Powder Free Nitrile Patient Examination Gloves, Blue Color is a non-sterile disposable device intended for medical purposes that is worn on the examiner's hand or finger to prevent contamination between patient and examiner.

The proposed device is Powder Free Nitrile Examination Gloves. The proposed device is blue. The proposed device is non-sterile.

The provided text is a 510(k) summary for "Powder Free Nitrile Patient Examination Gloves, Blue Color," which is a Class I medical device. This type of device does not typically involve complex algorithms or AI; instead, its performance is evaluated based on physical characteristics and material biocompatibility against established standards. Therefore, the requested information regarding AI-specific evaluation criteria (like multi-reader multi-case studies, expert adjudication, AI effect size, training set details) is not applicable to this submission.

Here's a breakdown of the acceptance criteria and study information that is relevant and available in the document:

1. A table of acceptance criteria and the reported device performance

2. Sample size used for the test set and the data provenance

The document does not specify the exact sample sizes for each physical test. However, it indicates general inspection levels where applicable, such as "ILS-2 AQL4.0" for dimensions and "Inspection Level I AQL2.5" for freedom from pinholes. For residual powder, it states "Checked on 5pcs sub-samples (N=5)."
The provenance of the data is from non-clinical laboratory testing performed by the manufacturer to demonstrate compliance with relevant ASTM and ISO standards. The document does not specify the country of origin of the raw data, but the manufacturer is Shandong Shangwei Medical Products Co.,Ltd, located in China. The studies are prospective in nature, as they are specifically conducted to test the performance of the device against predefined criteria.

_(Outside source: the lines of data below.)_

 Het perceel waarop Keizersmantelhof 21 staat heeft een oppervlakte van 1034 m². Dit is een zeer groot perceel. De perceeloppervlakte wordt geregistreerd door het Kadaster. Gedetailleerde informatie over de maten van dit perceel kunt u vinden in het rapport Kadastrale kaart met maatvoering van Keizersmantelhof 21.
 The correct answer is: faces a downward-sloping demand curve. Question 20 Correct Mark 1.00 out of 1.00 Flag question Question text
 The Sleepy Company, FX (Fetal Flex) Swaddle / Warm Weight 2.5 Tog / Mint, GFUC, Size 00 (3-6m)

3. Number of experts used to establish the ground truth for the test set and the qualifications of those experts

Not applicable. The "ground truth" for this device is based on objective measurements against established international and national standards (ASTM, ISO, CFR) for physical properties and biocompatibility. It does not involve expert interpretation or subjective assessment of medical images or patient conditions.

4. Adjudication method for the test set

Not applicable. As described above, this is not an AI or diagnostic device requiring expert adjudication. Test results are quantitative measurements compared against predefined thresholds in standards.

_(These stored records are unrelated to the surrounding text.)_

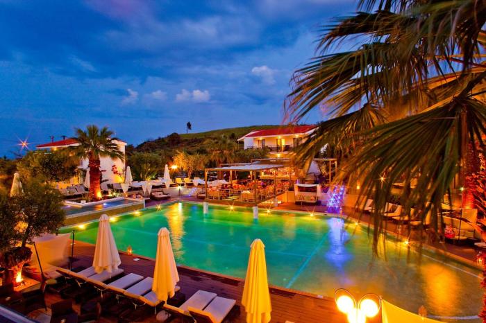 Inmitten der blühenden Landschaft Griechenlands finden Reisende im luxuriösen Hotel eine ruhige Oase in erstklassiger Lage am Ägäischen Meer. Während der feinsandige Strand und die beruhigende Brandung zum Verweilen einladen, entspannen Urlauber auch am türkisfarbenen Pool auf bequemen Tagesbetten oder im gemütlichen Sitzbereich der gläsernen Terrasse. Von den möblierten Balkonen der stilvoll eingerichteten Suiten genießen Gäste eine atemberaubende Aussicht ins malerische Umland, welches jederzeit zu Fuß oder mit dem Rad erkundet werden kann. Täglich wird der anspruchsvolle Gaumen der Reisenden mit mediterranen Köstlichkeiten verwöhnt, bevor sich ein aufregender Tag bei einem fruchtigen Cocktail dem Ende neigt.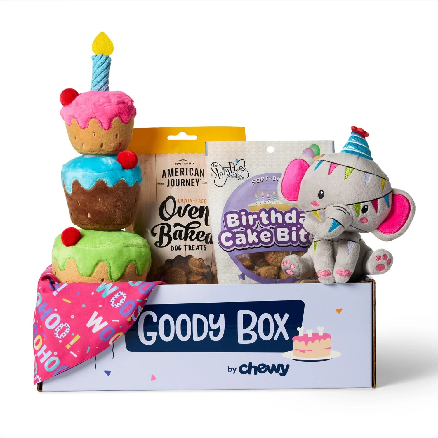 - Fun toys, tasty treats and a super-stylish hat? What more can you ask for? This limited-edition, BDay themed Goody Box comes with six items that’ll give your dog plenty of ways to enjoy the love on their special day.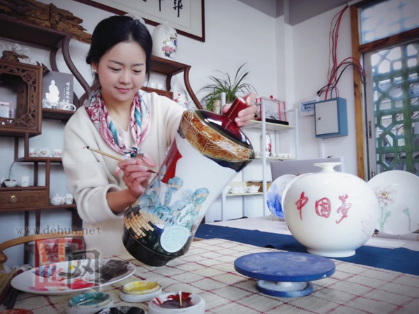 林灵月,女,德化,德化县韵瓷轩陶瓷艺术有限公司,国家高级工艺美术师,国家高级/一级技师。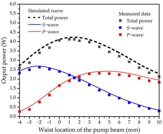 where ηi is the quantum efficiency and hνp is the energy of the pump photon. With Equations (1)–(4) and the parameters in the experiment—Toc = 0.035, hνi = 2.87 × 10−19 J, σi = 5.0 × 10−20 cm2, l1 = 5 mm, l2 = 12 mm, Li = 0.6%, τi = 37.9 μs, ξi = 36.4%, P = 20 W, αi = 1.44 cm−1, λp = 444.2 nm, M2 = 46, ni = 1.45, ωp0 = 200 μm, ηi = 0.64, hνp = 4.51 × 10−19 J, and Ni = 1.44 × 1019/cm3—the output powers of the two polarized components were calculated as a function of the waist location of the pump beam, as shown in Figure 3. It can be observed in Figure 3 that the power of the S-polarized component first increased monotonically with the waist location of the pump beam, reaching its maximum at z = −2.0 mm, and then decreased monotonically. On the other hand, the power of the P-polarized component increased monotonically with the waist location of the pump beam, peaking at z = 5.0 mm before monotonically decreasing. It was also found that an intersection point existed between the two curves, indicating that at z = 1.5 mm, the output power of the two components reached equilibrium. It should be noted that the total output power reached its maximum when the power levels of the two polarized components were approximately equal. The movement of the pump beam waist in either direction from this point resulted in a gradual decrease in total output power, since optimal excitation of the two active media occurred exclusively at this location. At other locations, only one active medium was efficiently excited for lasing.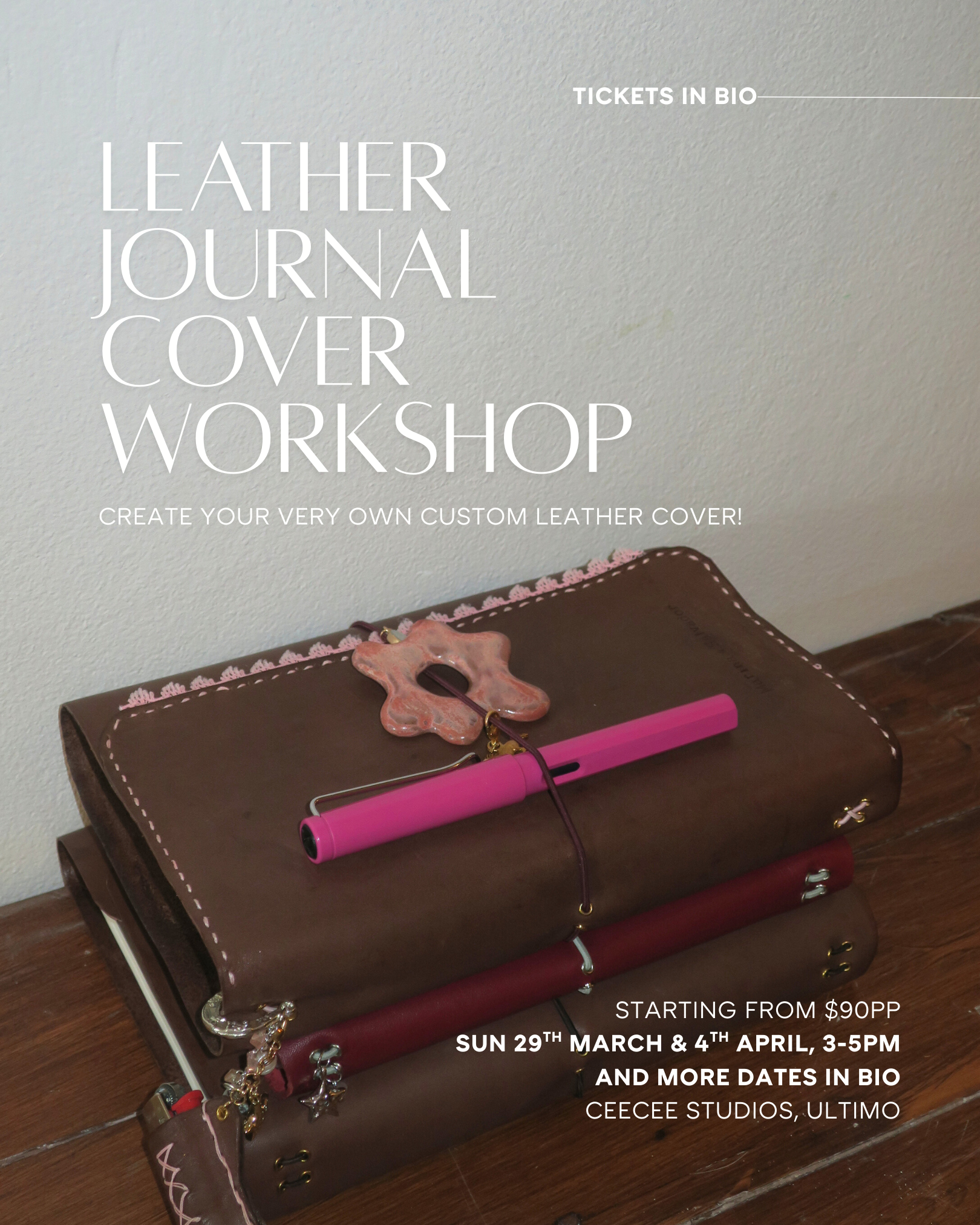 BYO charms from home, your journals and anything else you might like to add to your leather cover!

5. If a multi reader multi case (MRMC) comparative effectiveness study was done, If so, what was the effect size of how much human readers improve with AI vs without AI assistance

Not applicable. This device is a patient examination glove and does not involve AI or human "readers" in a diagnostic capacity.

6. If a standalone (i.e. algorithm only without human-in-the-loop performance) was done

Not applicable. There is no algorithm for this device.

7. The type of ground truth used

The ground truth used for this device's evaluation is based on established industry standards and objective laboratory measurements. These include:

• ASTM D6319-10 (Standard Specification for Nitrile Examination Gloves for Medical Application) for dimensions and physical properties.
• 21 CFR 800.20 and ASTM D5151-19 for freedom from pinholes.
• ASTM D6124-06 for residual powder.
• ISO 10993-5, ISO 10993-10, and ISO 10993-11 for biocompatibility (cytotoxicity, irritation, sensitization, systemic toxicity).

8. The sample size for the training set

Not applicable. This device does not use machine learning or AI, and therefore does not have a "training set."

9. How the ground truth for the training set was established

Not applicable, as there is no training set for this type of device.